В нынешние суетные времена одному человеку бывает трудно встретить другого человека, если они загодя не сговорятся о встрече.
А Николай с Ириной не сговаривались.
Правда, однажды вечером, когда Коля Бабушкин шел по темной улице, он вдруг увидел впереди – шагов за сто – знакомую белую шубку. Он опрометью кинулся вдогон. Но белая шубка поплыла в сторону, бесплотно прошла сквозь железные прутья ограды и рассеялась. Она оказалась облачком белого дыма, порхнувшим из-под отъезжающего автобуса.
Николай остановился, пораженный.
Не тем, что шубка оказалась облачком. А тем, что ощутил, как замерло, сжалось сердце. Как оно застучало потом – медленно, гулко…
С чего бы?
Но сердце снова екнуло, когда неделю спустя Черемных отозвал его в уголок цеха и там сказал:
– Ты сегодня зайди ко мне после работы. Посидим.
Усмехнувшись, добавил:
– Тебя хочет видеть… одна дама.
– За здоровье именинника! Живите до ста!
Ирина протянула бокал к Черемныху, и они чокнулись: дзинь.
Есть у людей такая привычка. Пригласить в гости, а зачем и почему – об этом молчок. Приходите, мол, запросто. Посидим скуки ради… А когда ты запросто приходишь и садишься за стол, кто-то поднимает бокал и говорит: «За здоровье именинника!» Оказывается, что хозяин дома сегодня именинник, у него, оказывается, день рождения. Он по скромности об этом умолчал, чтобы ты о подарке не заботился, чтобы тебя не вводить в расход… И вот ты за столом узнаешь про день рождения, уши у тебя пламенеют от стыда и смущения, и ты чувствуешь себя свинья свиньей. А хозяин улыбается как ни в чем не бывало; тешится своей скромностью и тем, что тебя провел на мякине…
Довольно скверная привычка.
– Поздравляю… – бормотнул Николай. И осведомился: – Сколько стукнуло?
– До ста далеко, – увернулся Черемных.
Скрываешь, значит? Скрываешь. Ты меня про года спроси – отвечу. Ты ее спроси – она тоже ответит. А вот ты скрываешь. Ну и зря. Дело ведь не в том, сколько тебе до ста осталось. Дело в том, как ты выглядишь в свой день рождения. А выглядишь ты, прямо скажем, неплохо. Даже завидки берут, как ты выглядишь. Такие, как ты, наверное, женщинам сильно нравятся…

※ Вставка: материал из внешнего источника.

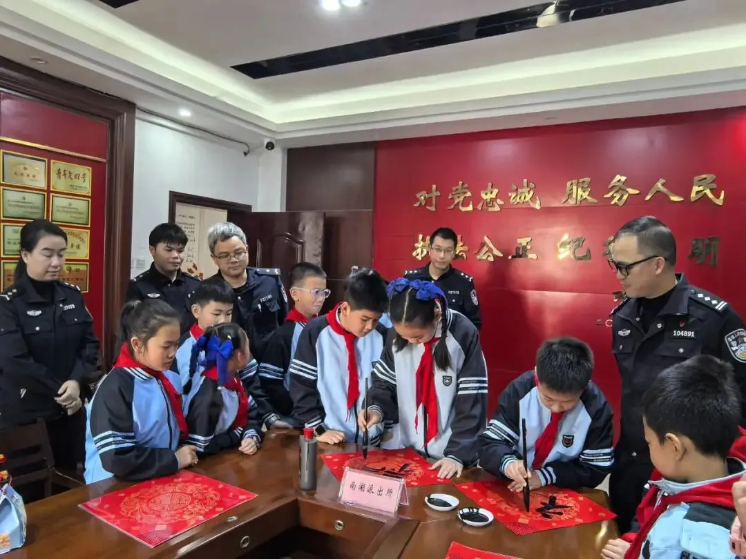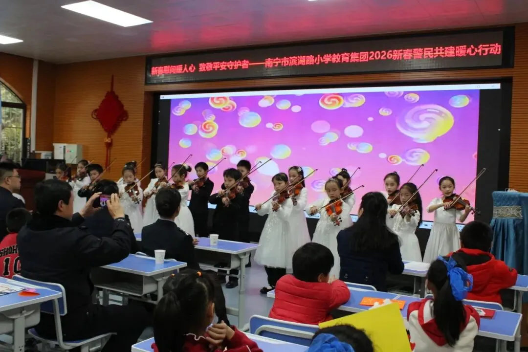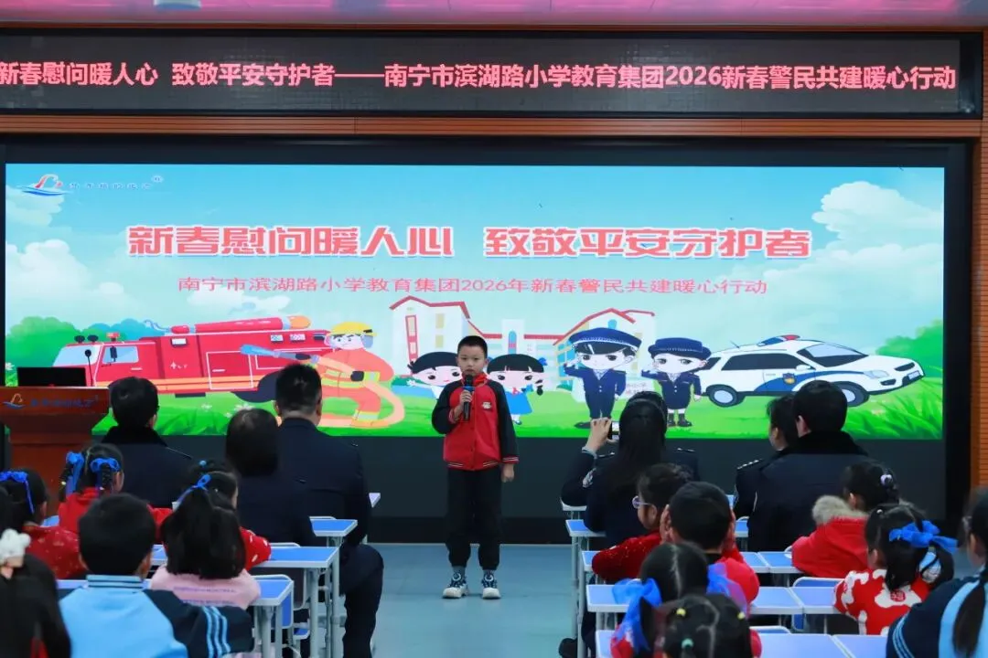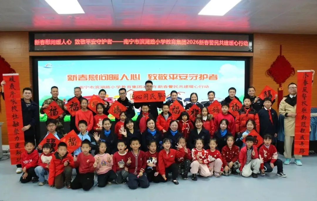 南宁市滨湖路小学教育集团以“双向奔赴,温暖共情” 为核心,组织党、团、队员代表走进辖区派出所、交警大队、消防救援大队、法院等单位,开展新春慰问活动。活动通过实践体验培育学生的共情理解、感恩之心与责任担当,向守护平安的一线工作人员送上新春祝福。

Черные кудри его были сегодня особенно черны и кудрявы, хотя седины не убавилось. Крепкие зубы сияли в улыбке свежо и молодо. По-юношески широко очерчивал смуглую шею распахнутый ворот рубашки.
Он как-то весь помолодел в эти последние дни. То ли потому, что на заводе зашевелилось дело с керамзитовыми блоками – его заветное дело. А может, и не только потому.
– Спасибо, – ответил Черемных на поздравления. И налил бокалы. – За ваше здоровье, друзья.
Они снова чокнулись втроем. Их всего-то и было трое за этим именинным столом: Черемных, Ирина, Николай. И больше никого не было. Три бокала с певучим хрустальным звоном (…дзинь, дзинь…) соединились над именинным столом.
А еще три бокала – обернутые бумагой, повитые стружкой – стояли в сторонке. Их всего было шесть. Николай догадался, что эти бокалы – подарок Ирины. Ей, значит, было известно про день рождения… И вот она думала-гадала, что бы такое ему подарить. И сообразила, что не мешает помаленьку обзаводиться посудой…
Тонкая ножка бокала едва не хрустнула в пальцах Николая.
– Коленька, а почему ты ничего не ешь? – очень ласково спросила Ирина. – Вот винегрет…
«Коленька… Винегрет…» А, спрашивается, кто стряпал этот винегрет? Кто тут, спрашивается, хозяйничал – на квартире чужого мужчины? И кто ты ему, спрашивается?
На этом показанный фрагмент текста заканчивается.